I’m sure it just means 'retired police officer by the window". I had read more into than there was.

Yep, that’s right

Yes, it’s a retired police officer that screams by his bedroom’s window.

I was thinking it meant the police officer jumped out the window. :slight_smile:

Just out of curiosity – is there a single-word adjective in French that could replace “à la retraite” in the sentence and retain close to the same meaning? Something like “passé” or “ancien”?

What’s wrong with “ancien” ? (I mean preposed, e.g. “un ancien policier”)

“Ex” or “ancien” means that he is no longer a policeman but it can be for having been fired, or dismissed himself. “A la retraite” convoys the meaning that he is 1) old enough (> 55 years) and 2) finished his carrier in the police completely.
So not really a single word that will have the same infos.

A single word would “retraité” meaning “retired”.

FWIW, Google Translate (I know, I know …) allows French “l’homme retraité” to render English “the retired man”. That doesn’t mean there’s not a connotation that makes the phrase clunky or somehow off in French.

Yes, sorry; “un ancien policier” = “a former policeman”. For “retraité” in novels, e.g.

Il y a deux personnes dans la salle d’attente. L’une est un vieillard d’une maigreur extrême, un professeur de français retraité qui continue à donner des cours par correspondance et qui attend son tour en corrigeant avec un crayon finement taillé un paquet de copies.

vs (in the same book)

Mais si Monsieur Echard — vieux bibliothécaire à la retraite dont la marotte était d’accumuler des preuves démontrant qu’Hitler était toujours vivant — était la bonhommie même, sa femme se révéla une véritable teigne dont les récriminations continuelles aux heures des repas ne tardèrent pas à rallumer sérieusement le conflit…

Yes, “retraité” as adjective would do the job. But it’s of more use as a noun (“un retraité”, “les retraités”)

The French speakers I know (who I’m always asking about my amateur French) claim that they’re lazy enough that they’ll shorten anything. “Je ne sais pas” became "J’pas" long ago.
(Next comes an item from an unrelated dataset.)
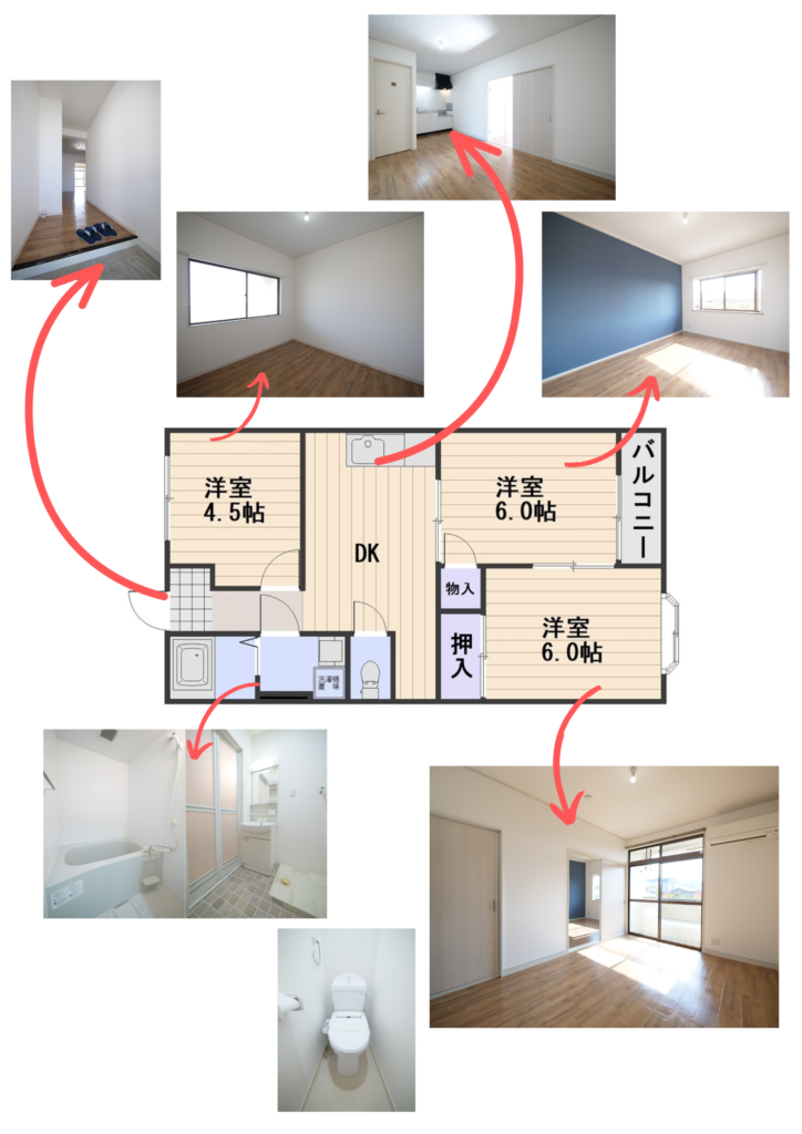 ・間取り:3DK (洋室:4.5帖/6帖/6帖)

Heck, I spent the best years of my life learning their awkward counting, where seventy is 'Soixante-dix" (“sixty-ten”), eighty is said “Quatre-vingt” (“four twenties”) and ninety is “Quatre-vingt dix” (“four twenties ten”). Quelle le fuque?

And now, the younger Frenchies laugh at me and say they gave up on that, and just say Soixante, Septante, Huitante, Neufante.

So I’m betting à la retraite would be shortened to retraité.
And “Un vieux bibliothécaire à la retraite” would be “Un bibliothécaire retraité”.

I was told that was the usage in Belgium (don’t know how true that is).

I have never, ever heard that in France, but I have in Switzerland, past the border. Belgium, I can’t remember. Either way, I would not talk like that unless you are deliberately putting on a dialect.

Also, FYI, someone who visited Québec City later reported “un accent morbide”, I believe she said :slight_smile:

Yep, Belgium and Swiss count as septante (70), octante (80) and nonante (90). But if you say that in France, you will be looked at (and maybe not even understood) even by youngsters.
And we used “mille neuf cent quatre vingt dix neuf” for 1999…

Soixante: universal
Septante: Switzerland and Belgium
Huitante: Switzerland only. In France and Belgium 80 is still quatre-vingts.
Octante: Canada?
Nonante: Switzerland and Belgium

Help me make sense of this. The retired policeman is shouting through the window while sleeping? Or he had recently been sleeping but is now awake and shouting through the window? Or the person sleeping is a different person from the person shouting?

He was sleeping, had been waken up and shouts to know what waken him.